Given records ->

----

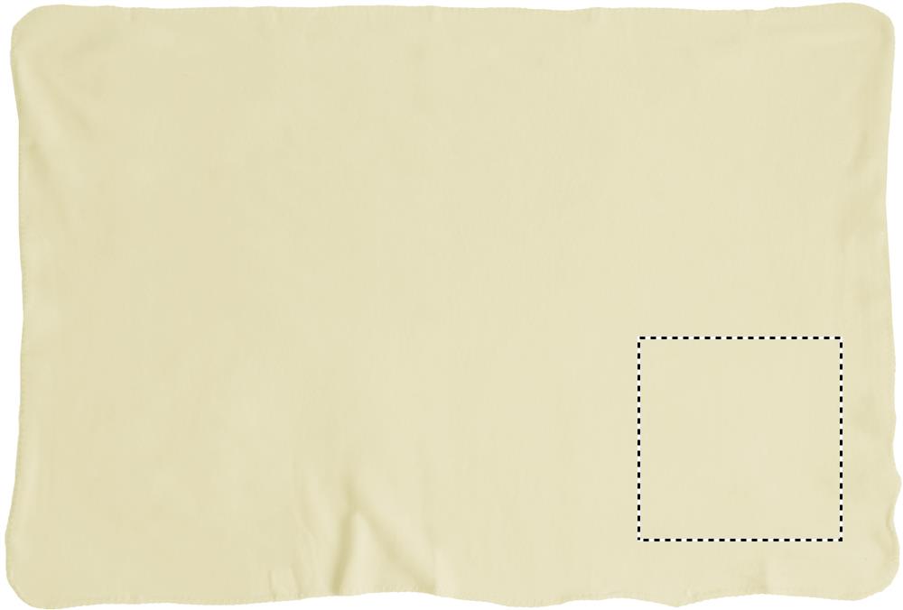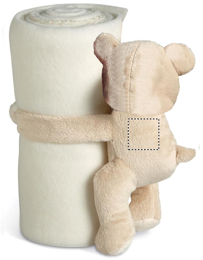 Children’s fleece blanket with teddy bear toy holding the blanket with fastening tape hands.
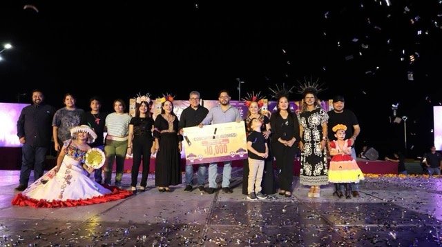 En el concurso de Catrinas, el primer lugar fue para “La Dama del Horno”, con un premio de 12 mil pesos; el segundo lugar para “La Calaverita de Azúcar”, con 10 mil pesos, y el tercer lugar para “Zacil-Ha”, con 8 mil pesos.
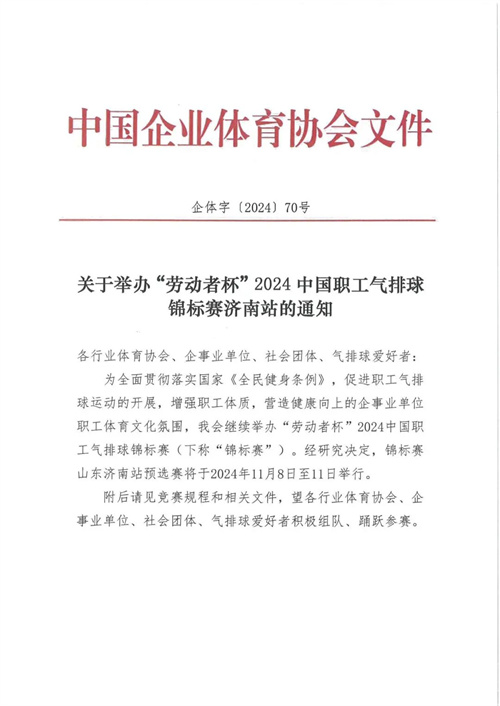 關(guān)于舉辦“勞動者杯”2024中國職工氣排球錦標(biāo)賽濟(jì)南站的通知
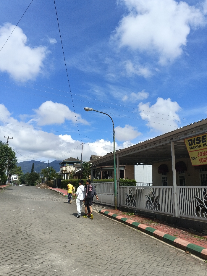 This image depicts a daytime street scene in ឃុំ ផាត់សណ្ដាយ, Cambodia, under a bright blue sky with scattered white cumulus clouds. The road surface consists of light-colored interlocking pavers arranged in a herringbone pattern, extending into the background where it curves slightly to the left. Three young individuals are walking away from the camera on the left side of the paved road. The individual farthest left wears a yellow t-shirt and dark pants. The middle individual wears a white long-sleeved top and white pants. The individual farthest right wears a dark t-shirt with a white number "10" on the back, dark shorts, and yellow footwear. To the right of the road, a curb is painted in alternating red and green segments. Beyond the curb, a white metal fence with decorative black scrollwork panels spans the length of the visible area. A green-painted street light pole with a curved arm and a single lamp fixture stands immediately behind the curb and in front of the fence. Power lines are visible overhead and connected to the pole. Behind the fence is a single-story building with light-colored walls, featuring windows with dark frames and arched accents, and a corrugated metal roof supported by a green-painted framework. A yellow banner with black text is partially visible hanging from the roof support structure on the right, displaying text such as "DISEW...", "HARIAN, BULAN...", "HUB: JOHAN", and "YOGYA". In the background, on the left side of the road, multiple buildings of varying heights and architectural styles are visible, interspersed with green trees and foliage. Further in the distance, dark green hills or mountains rise under the cloudy sky. A pile of debris or dirt is visible on the left side of the road further down.
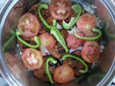 طبقة باتنجان طبقة رز طبقة بندورة وحر حلو

----

Restate every line above exactly, omitting images.

Answer box ->
 Children’s fleece blanket with teddy bear toy holding the blanket with fastening tape hands.
 En el concurso de Catrinas, el primer lugar fue para “La Dama del Horno”, con un premio de 12 mil pesos; el segundo lugar para “La Calaverita de Azúcar”, con 10 mil pesos, y el tercer lugar para “Zacil-Ha”, con 8 mil pesos.
 關(guān)于舉辦“勞動者杯”2024中國職工氣排球錦標(biāo)賽濟(jì)南站的通知
 This image depicts a daytime street scene in ឃុំ ផាត់សណ្ដាយ, Cambodia, under a bright blue sky with scattered white cumulus clouds. The road surface consists of light-colored interlocking pavers arranged in a herringbone pattern, extending into the background where it curves slightly to the left. Three young individuals are walking away from the camera on the left side of the paved road. The individual farthest left wears a yellow t-shirt and dark pants. The middle individual wears a white long-sleeved top and white pants. The individual farthest right wears a dark t-shirt with a white number "10" on the back, dark shorts, and yellow footwear. To the right of the road, a curb is painted in alternating red and green segments. Beyond the curb, a white metal fence with decorative black scrollwork panels spans the length of the visible area. A green-painted street light pole with a curved arm and a single lamp fixture stands immediately behind the curb and in front of the fence. Power lines are visible overhead and connected to the pole. Behind the fence is a single-story building with light-colored walls, featuring windows with dark frames and arched accents, and a corrugated metal roof supported by a green-painted framework. A yellow banner with black text is partially visible hanging from the roof support structure on the right, displaying text such as "DISEW...", "HARIAN, BULAN...", "HUB: JOHAN", and "YOGYA". In the background, on the left side of the road, multiple buildings of varying heights and architectural styles are visible, interspersed with green trees and foliage. Further in the distance, dark green hills or mountains rise under the cloudy sky. A pile of debris or dirt is visible on the left side of the road further down.
 طبقة باتنجان طبقة رز طبقة بندورة وحر حلو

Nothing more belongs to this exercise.